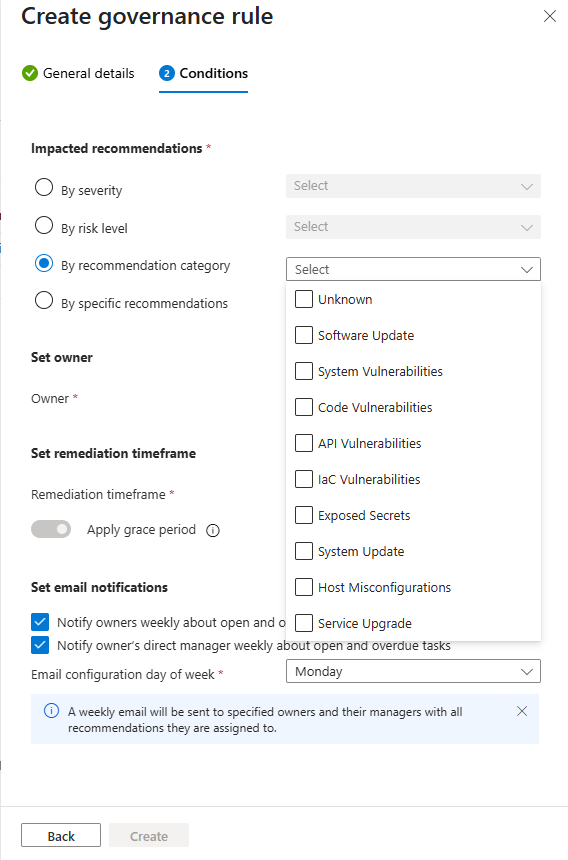 • By severity: The rule assigns the owner and due date to any recommendation in the subscription that has no owner or due date and that matches the specified severity levels.
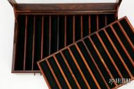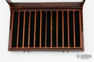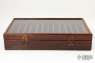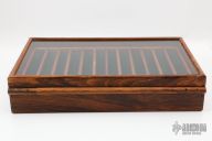 This model has two-levels, a glass top, and a total of 24 slots. The slots measure 7.25" x .875" x .5". Exterior dimensions are 14.5" x 9.5" x 3.125". When you own custom pens made by the world's master craftsmen, you deserve something of equal quality in which to display them. All Tomway chests and boxes are made of exotic cocobolo rosewood. As unique as nature itself, cocobolo rosewood ranges from a rich dark brick red to reddish or dark brown, with a figuring of darker irregular traces weaving through the wood. This is a wood so dense (70 lbs. per sq. foot) and rich that it provides not only a quality setting for your collectibles, it also offers substantial protection. All chests and boxes are padded and upholstered with a premium acid free micro-suede. Excellent condition. Could also hold most slipjoint as well.
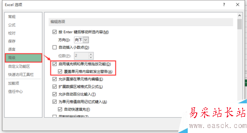 第二步:新彈出頁面后,點(diǎn)擊“高級(jí)”,并在右側(cè)找到“編輯選項(xiàng)”欄目下,勾選“啟用填充柄和單元格拖放功能"和“覆蓋單元格內(nèi)容前發(fā)出警告”。
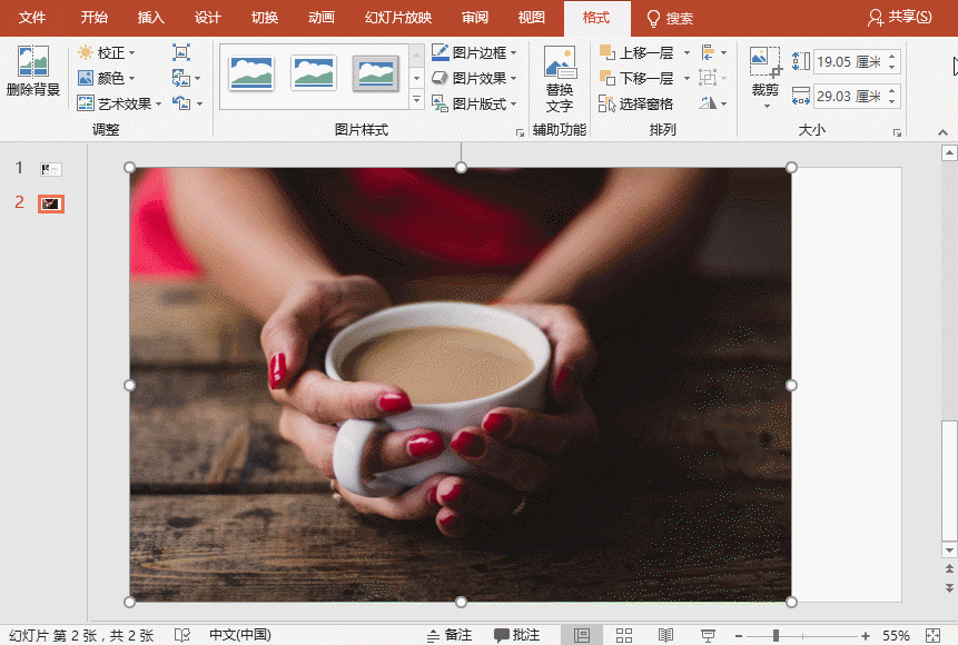 (1)选择图片,按Ctrl+C、Ctrl+V复制一张相同图片。

**Your assignment**
A faithful copy of the data above is wanted, with every image left out.

**Answer to the exercise**
 • By severity: The rule assigns the owner and due date to any recommendation in the subscription that has no owner or due date and that matches the specified severity levels.
 This model has two-levels, a glass top, and a total of 24 slots. The slots measure 7.25" x .875" x .5". Exterior dimensions are 14.5" x 9.5" x 3.125". When you own custom pens made by the world's master craftsmen, you deserve something of equal quality in which to display them. All Tomway chests and boxes are made of exotic cocobolo rosewood. As unique as nature itself, cocobolo rosewood ranges from a rich dark brick red to reddish or dark brown, with a figuring of darker irregular traces weaving through the wood. This is a wood so dense (70 lbs. per sq. foot) and rich that it provides not only a quality setting for your collectibles, it also offers substantial protection. All chests and boxes are padded and upholstered with a premium acid free micro-suede. Excellent condition. Could also hold most slipjoint as well.
 第二步:新彈出頁面后,點(diǎn)擊“高級(jí)”,并在右側(cè)找到“編輯選項(xiàng)”欄目下,勾選“啟用填充柄和單元格拖放功能"和“覆蓋單元格內(nèi)容前發(fā)出警告”。
 (1)选择图片,按Ctrl+C、Ctrl+V复制一张相同图片。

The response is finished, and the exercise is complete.